El autor comenta las dificultades que enfrentan algunos cubanos al entonar el “Himno Nacional” de su país e intenta encontrar una explicación para ellas.

La línea divisoria entre la vida y la muerte suele ser borrosa. Hay quien no cesa de cruzarla y lo ignora. U olvida la diferencia entre un lado y el otro. Su presencia puede ser ilusoria; su ausencia, una presencia indocumentada.
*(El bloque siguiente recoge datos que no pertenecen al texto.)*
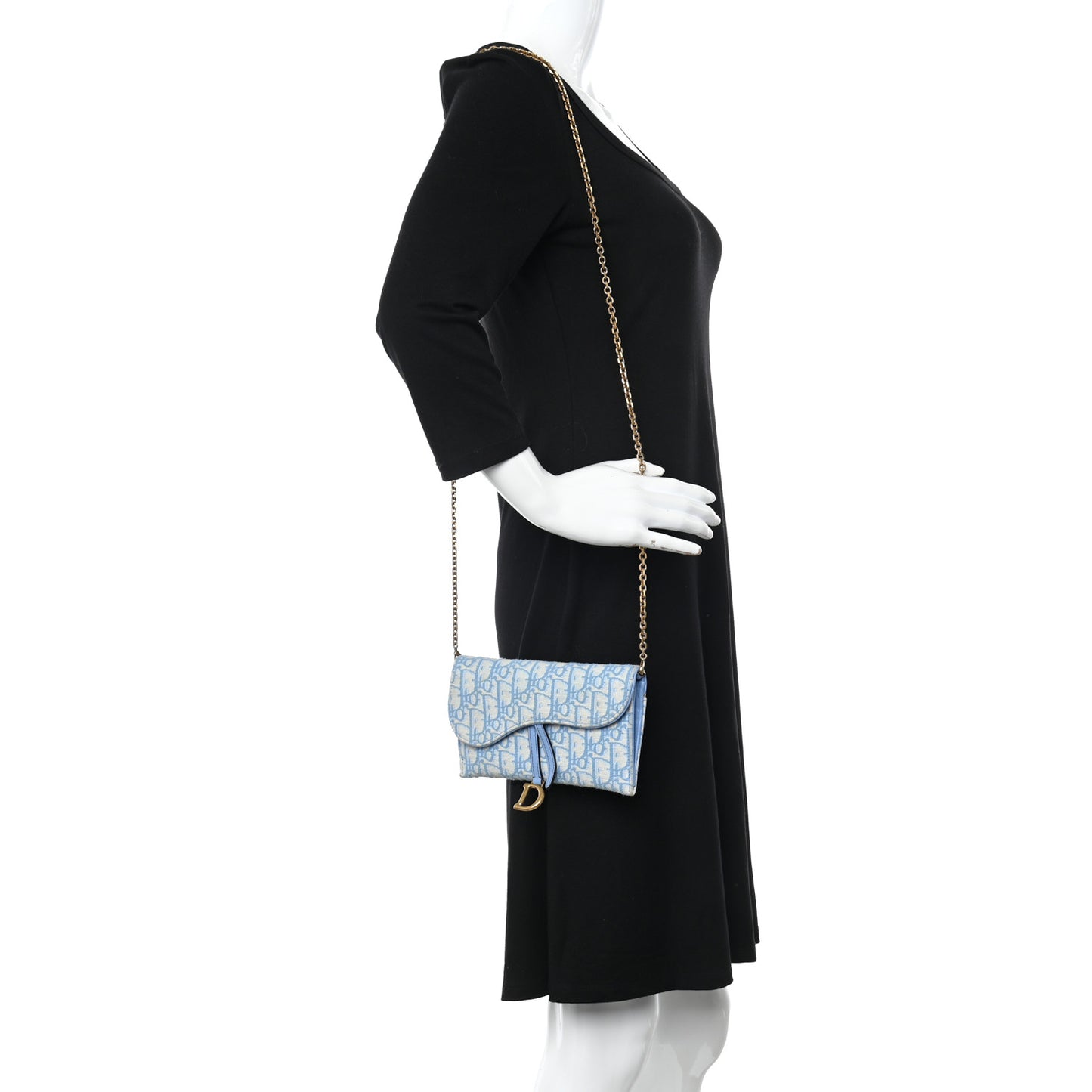 Christian Dior/ Bags/ Wallet Style /Christian Dior Oblique Saddle Chain Long Wallet Cornflower Blue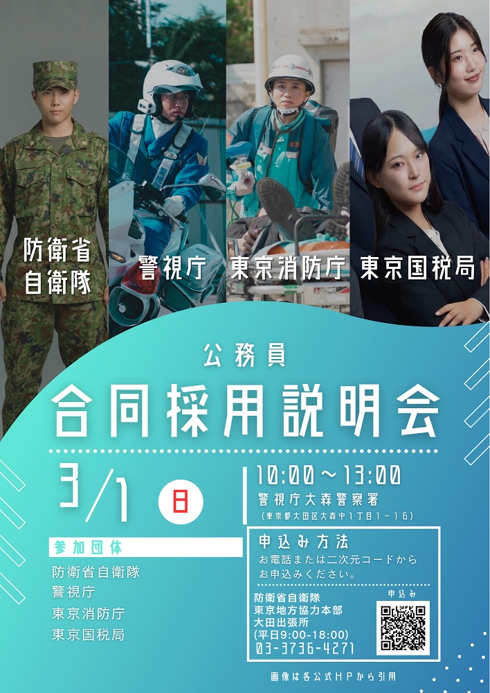 問合せ先:防衛省自衛隊 東京地方協力本部 大田出張所(平日9:00~18:00)

No en balde tantos cubanos trastocan la letra de su "Himno Nacional":


Al combate corred, bayameses,
que la patria os contempla orgullosa,
no temáis una muerte gloriosa,
que morir por la patria es vivir.

En cadenas vivir es vivir
en oprobio y afrenta sumidos…


Por muy familiarizado con el texto que esté el que canta, al llegar a los versos cuarto y quinto y prestar atención a lo que otros compatriotas vocean a su alrededor, el temor a equivocarse lo domina, las ideas se le embrollan, el "vivir" se le antoja harto insistente y, en un afán desesperado de precisar lo que la memoria ofuscada le sugiere, trastruecan el sentido de la segunda estrofa rehaciendo su primer verso con una muerte que no estaba prevista pero que, de repente, se le antoja la opción más sensata: En cadenas vivir es morir…
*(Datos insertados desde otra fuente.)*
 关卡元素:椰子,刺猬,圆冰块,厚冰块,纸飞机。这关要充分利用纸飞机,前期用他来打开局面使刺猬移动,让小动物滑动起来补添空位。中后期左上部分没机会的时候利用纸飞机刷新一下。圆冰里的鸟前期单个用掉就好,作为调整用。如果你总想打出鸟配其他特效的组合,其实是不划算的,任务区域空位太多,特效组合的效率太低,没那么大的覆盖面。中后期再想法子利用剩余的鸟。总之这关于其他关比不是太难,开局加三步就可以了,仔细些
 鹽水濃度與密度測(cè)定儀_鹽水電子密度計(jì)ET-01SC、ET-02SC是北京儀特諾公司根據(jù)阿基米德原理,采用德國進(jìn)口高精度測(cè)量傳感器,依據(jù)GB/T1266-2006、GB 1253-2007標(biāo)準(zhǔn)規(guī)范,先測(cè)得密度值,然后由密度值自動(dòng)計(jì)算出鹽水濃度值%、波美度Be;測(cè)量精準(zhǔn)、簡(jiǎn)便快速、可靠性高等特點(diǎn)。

Nada debe reprochársele: los cuatro versos anteriores, ésos que acaba de entonar con bastante exactitud, son poco menos que autosuficientes; encierra, cada uno, una idea que no espera por el próximo verso para completarse. Sólo ese quinto, anómalo, demanda que se le encadene al oprobio y la afrenta inmediatos. El atolondramiento cunde entre la multitud afligida o belicosa; las discrepancias entre las versiones de ese solo verso restan brío a su articulación coral -en cadenas vivir es morir, en cadenas morir es vivir, en cadenas morir es morir--; nadie se hace responsable del error que avergüenza a todos y no son pocos los que miran en torno con una mezcla de presunción y fastidio, como salvaguardando su inocencia y buscando a los torpes que han trafulcado la ilustre letra, mientras vida y muerte reafirman su paridad, su naturaleza de fenómenos intercambiables.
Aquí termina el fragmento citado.